A Georgia man was sentenced Thursday to three years in prison and ordered to pay $1.3 million in restitution for bankruptcy fraud related to a scheme to retain fraudulently acquired properties, federal officials said.

Hurb Grant, 44, of Lithonia, Ga., was sentenced by U.S. District Judge Richard W. Story, according to the U.S. Attorney’s office in Georgia. Grant’s co-defendant and wife, Jennifer Grant, 47, pleaded guilty to conspiracy to commit mortgage and bankruptcy fraud in U. S. District Court on Aug. 25, 2005.

Jennifer Grant was sentenced in January to five years in prison and ordered to pay $1.3 million in restitution.
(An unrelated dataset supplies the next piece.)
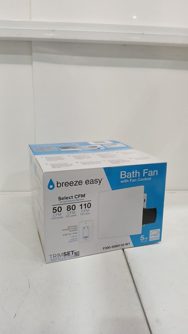 DEWSTOP BREEZE EASY SELECT CFM BATH VENTILATION FAN WITH AUTOMATIC HUMIDITY CONTROL - AIR & SOUNDS OPTIONS (UP TO 110CFM) - WHITE (MODEL: F300-5080110-W1)

“These defendants abused both the bankruptcy laws and the bankruptcy court in an effort to retain control of properties they obtained by fraud,” U.S. Attorney David E. Nahmias said in a statement. “This abuse of the bankruptcy system continues the blight on neighborhoods that results from mortgage fraud and defeats the legitimate interests of the victims of mortgage fraud.”

According to Nahmias and evidence presented at the Grants’ plea and sentencing hearings, the defendants obtained control of dozens of Atlanta-area properties through mortgage fraud, and kept control of these properties for four years, including the years that Jennifer Grant was a fugitive, without making the required mortgage payments.

The pair also reportedly caused nine fraudulent bankruptcy petitions to be filed in an effort to defeat collection of civil judgments obtained by victims of their fraud scheme, according to officials.

Jennifer Grant fled the United States following her 2002 arrest by DeKalb County authorities on related mortgage fraud charges, officials said, and she was apprehended by U.S. authorities in April 2005 as she attempted to re-enter the United States.

While in the United Kingdom, Jennifer Grant continued her mortgage fraud scheme, according to officials, citing testimony of a representative of 21 victims from the United Kingdom who say they lost more than $600,000 in a fraud scheme Grant perpetrated.